Is protein powder the same as amino acids?
Here the answer is: quite clearly no. Protein powders contain isolated proteins from a food. The body splits these proteins just like normal food proteins in the stomach and small intestine and then absorbs short pieces and individual amino acids. The use of the amino acids can take place much later than with the intake of free amino acids. Here, nothing more has to be split, but the amino acids can be absorbed directly. So if the focus is on amino acids, free amino acids have the nose in front in any case.
The purpose of protein powders in the first place is actually not the supply of amino acids, but mostly the use as a food source with better saturation, for muscle building or similar. In this area, an intake of protein powders can be quite helpful. When it comes to amino acids, however, a product with free amino acids is clearly the better choice. Both in combination is of course also possible, but at separate times.
When it comes to amino acid supplementation, you'll find a whole lot of different options. Two fundamentally different supplements are EAA's and BCAA's. Which of these two options makes more sense?
EAA vs. BCAA
BCAA means Branched-Chain Amino Acids. EAA, on the other hand, means Essential Amino Acids. BCAAs were the talk of the town for a while, especially in the sports sector. They contain only 3 of the 8 essential amino acids, but special amino acids that are branched in their structure. These three amino acids are valine, leucine and isoleucine and are metabolized less in the liver, but more in other tissues. This includes muscle tissue, for example. The hoped-for effects are to prevent muscle breakdown and to delay muscle fatigue. To what extent the 3 amino acids achieve this is controversial.
EAA's contain all 8 essential amino acids in an amino acid complex and thus also the BCAA's with 5 additional amino acids. Thus, above all, a balance of amino acids is promoted. The answer to the question of what to recommend is clear: EAA's. These contain more amino acids and are therefore more effective and balancing.
Cofactors of amino acid metabolism
The topic of EAA vs BCAA has been clarified, but questions still remain about cofactors of amino acid metabolism. Here we dive a little bit into biochemistry, that is, into the metabolism of cells: When an amino acid needs to be converted into another amino acid, a transaminase does it, which is a special enzyme. Each transaminase uses a special cofactor: vitamin B6.
Not just any form of B6 is used, but pyridoxal phosphate. This form of vitamin B6 is also important in the conversion to biogenic amines (for example, adrenaline and dopamine). You can also find this on the back of some supplements. It is the bioactive form of vitamin B6 that acts in metabolism. So vitamin B6 is an important vitamin for the conversion of amino acids into each other. We need this conversion, for example, when we produce non-essential amino acids from essential amino acids.

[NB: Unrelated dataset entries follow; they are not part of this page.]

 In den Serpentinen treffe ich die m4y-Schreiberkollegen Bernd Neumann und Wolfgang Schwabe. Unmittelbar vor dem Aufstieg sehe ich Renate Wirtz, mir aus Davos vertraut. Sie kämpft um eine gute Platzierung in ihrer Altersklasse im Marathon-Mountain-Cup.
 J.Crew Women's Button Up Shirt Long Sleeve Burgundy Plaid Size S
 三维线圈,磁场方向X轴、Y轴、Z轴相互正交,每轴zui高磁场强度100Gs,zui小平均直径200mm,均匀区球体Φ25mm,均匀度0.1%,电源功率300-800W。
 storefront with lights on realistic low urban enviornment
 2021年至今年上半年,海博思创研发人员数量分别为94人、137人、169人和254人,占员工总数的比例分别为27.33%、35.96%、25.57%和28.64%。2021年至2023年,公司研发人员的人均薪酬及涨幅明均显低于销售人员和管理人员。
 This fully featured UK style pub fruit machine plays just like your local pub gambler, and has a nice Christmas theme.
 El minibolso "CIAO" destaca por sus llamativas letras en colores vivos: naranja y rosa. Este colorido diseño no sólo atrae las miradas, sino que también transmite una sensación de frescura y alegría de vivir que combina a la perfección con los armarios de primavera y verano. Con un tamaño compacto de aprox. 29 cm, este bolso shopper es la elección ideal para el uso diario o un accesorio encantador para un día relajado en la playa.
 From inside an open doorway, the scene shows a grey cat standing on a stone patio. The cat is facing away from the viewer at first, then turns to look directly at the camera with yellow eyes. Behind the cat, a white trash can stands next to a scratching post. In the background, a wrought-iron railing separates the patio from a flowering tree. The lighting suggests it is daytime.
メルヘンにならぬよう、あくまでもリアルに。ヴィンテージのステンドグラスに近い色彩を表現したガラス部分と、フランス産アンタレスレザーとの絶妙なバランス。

Although other vitamins and minerals such as vitamin B12 are also needed for individual further functions of the amino acids, vitamin B6 is the basic cofactor that should be included in every EAA product.
When taking essential amino acids, it is best to pay attention to the completeness and the use of bioactive vitamin B6 as pyridoxal-5-phosphate. Here you can usually recognize a good dietary supplement - by the quality of the raw materials.
Directly before, during, or after strength training, the intake of amino acids is most beneficial, especially for athletes. Otherwise, we recommend not to take the products with meals, because the protein in the food can reduce the absorption. With this you can get started. We wish you much success!